LONDON – North Macedonia and Albania face a risk of surging nationalism and unraveling of economic reforms after the EU closed the door to their desire to be a part of a block, the leaders of both countries said for Financial Times.
For Zoran Zaev, EU’s decision could lead to the return of the “bad past” of North Macedonia, while in a separate interview Rama said that Albania is collateral damage to the EU’s partition over enlargement policy.
According to Financial Times, the leaders stressed that the EU’s failure to proceed with both countries’ accession process will destabilise the region, in a geopolitical sense, where the influence of other countries, as Russia and China, is growing.
Both sides are dissatisfied because the EU failed to deliver on a promise, after their attempts to fulfill Brussels demands.
“Part of the process is irreversible, but I worry there could be return to the bad past that we had,“ said Zoran Zaev, emphasizing that the issues resolved by the Prespa agreement could be reopened due to nationalist sentiment in this multi-ethnic country.

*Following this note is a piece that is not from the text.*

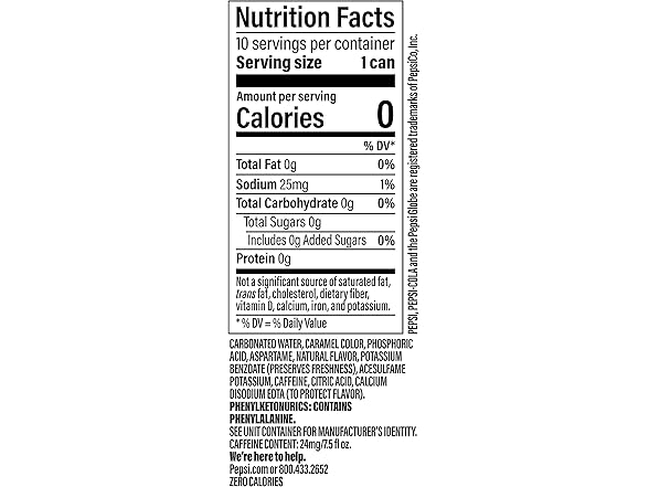 In the Box:- (1) Pepsi Zero Sugar Mini Cans, 7.5 Oz (Pack of 10)
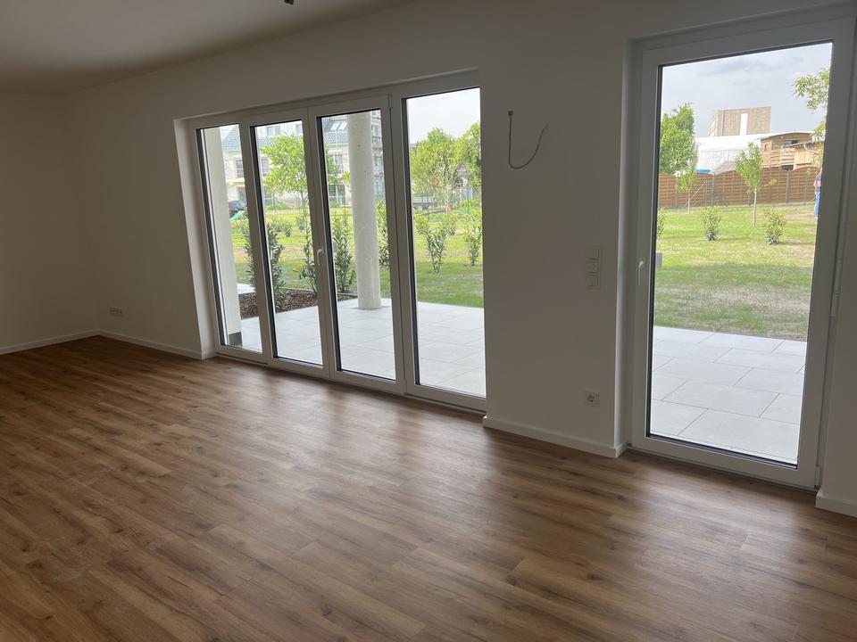 Eine über 4 Meter breite Fensterfront zur großen und ebenerdigen Terrasse lässt viel Licht in den Wohn und Essbereich. Von der Wohnung gelangt man direkt in den großen Garten und auf die neu angelegte Obstwiese, die zum Haus gehört.

He explained that, if there is enough nationalist rhetoric, radical actions and speeches in North Macedonia, that will give arguments to Greek politicians to use the same kind of rhetoric, adding that the Prespa Agreement could be jeopardy if his party does not win the early election next year.
Edi Rama assessed that internal EU reform is just a permanent alibi.

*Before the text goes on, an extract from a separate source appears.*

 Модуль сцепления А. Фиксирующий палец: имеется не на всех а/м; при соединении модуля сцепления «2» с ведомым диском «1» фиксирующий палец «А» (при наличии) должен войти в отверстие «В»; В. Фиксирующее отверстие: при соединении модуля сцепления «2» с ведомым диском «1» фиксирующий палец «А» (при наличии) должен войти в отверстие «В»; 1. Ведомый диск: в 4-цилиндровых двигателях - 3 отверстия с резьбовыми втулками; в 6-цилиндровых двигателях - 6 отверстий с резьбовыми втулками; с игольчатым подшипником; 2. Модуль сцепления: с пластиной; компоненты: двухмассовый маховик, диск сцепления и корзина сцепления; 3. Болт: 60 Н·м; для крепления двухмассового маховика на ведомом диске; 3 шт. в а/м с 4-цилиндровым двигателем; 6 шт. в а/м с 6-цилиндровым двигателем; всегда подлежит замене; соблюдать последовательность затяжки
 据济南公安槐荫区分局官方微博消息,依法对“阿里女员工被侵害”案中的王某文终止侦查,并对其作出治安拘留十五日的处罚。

„We were cut twice from Europe brutally, once for five centuries under the Ottoman Empire and then for half a century under the most brutal communist regime. No one can live with the idea that there can be a third time, and that this time it can be Europe that cuts us brutally from itself,“ Prime Minister of Albania said.
Europe is in a period in which it will get worse before it will get better and we are just the collateral damage of that, said Rama.